Jalan Sesat Penjual Ketan Edarkan Uang Palsu demi Modal Tambahan

Posted on

Agil Tina Saputra tertunduk lesu dalam balutan baju tahanan Satreskrim Polres Cimahi. Pemuda asal Bojongsoang, Kabupaten Bandung itu kini harus mendekam di balik jeruji besi untuk waktu lama.

Di usianya yang baru menginjak 20 tahun, Agil sudah berurusan dengan tindak kriminal. Tak tanggung-tanggung, pemuda lulusan SMK itu memalsukan, memproduksi, lalu mengedarkan uang palsu.

Agil ditangkap polisi di kontrakannya di Kampung Tipar Timur, RT 04/16, Desa Laksanamekar, Kecamatan Padalarang, Kabupaten Bandung Barat pada Rabu (9/7/2025). Kini ia harus mempertanggungjawabkan perbuatannya.

“Kami amankan AG, terkait dengan kasus pemalsuan mata uang rupiah. Dia diamankan di kontrakannya di Tipar, Padalarang,” kata Kapolres Cimahi, AKBP Niko N. Adi Putra saat konferensi pers di Mapolres Cimahi, Senin (14/7/2025).

Kasus itu terungkap setelah polisi menerima informasi dari masyarakat yang mencurigai adanya peredaran uang palsu di wilayah mereka.

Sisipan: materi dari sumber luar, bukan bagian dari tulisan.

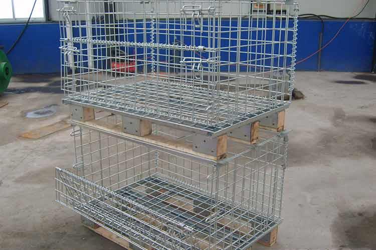 木托倉(cāng)儲(chǔ)籠的主要材料為低碳鐵絲、槽鋼、熱軋鋼板等。該倉(cāng)儲(chǔ)籠的外形非常的輕巧,籠體除底框外皆有鐵絲碰焊成的網(wǎng)片組合而成,網(wǎng)片與網(wǎng)片、網(wǎng)片與底框靠小連接件連接,可活動(dòng)。在木托倉(cāng)儲(chǔ)籠空籠時(shí)可折疊存放,充分利用空間。同時(shí)倉(cāng)儲(chǔ)籠前面可打開(kāi),在堆垛后能取物,堆垛時(shí)承重在側(cè)面的網(wǎng)片上。

Polisi lalu melakukan penyelidikan sampai akhirnya mengerucut pada sosok Agil.

Dari tangan tersangka, polisi mengamankan barang bukti berupa uang palsu pecahan Rp50 ribu yang sudah dicetak sebanyak 150 lembar namun belum dipotong. Pada setiap lembarnya ada dua buah uang palsu.

Barang bukti lainnya yakni 77 lembar uang palsu pecahan Rp100 ribu yang belum dipotong dengan jumlah per lembarnya sebanyak dua buah uang palsu. Serta 184 lembar uang palsu siap edar dengan pecahan Rp100 ribu.

“Jadi ada yang belum digunting oleh tersangka dan ada yang sudah siap edar,” kata Niko.

Niko menyebut uang palsu yang diproduksi oleh tersangka Agil lalu ia coba belanjakan di sebuah warung di wilayah Batujajar. Tak cuma itu saja, sebagian lagi dijual ke pemesan melalui jasa pengiriman online.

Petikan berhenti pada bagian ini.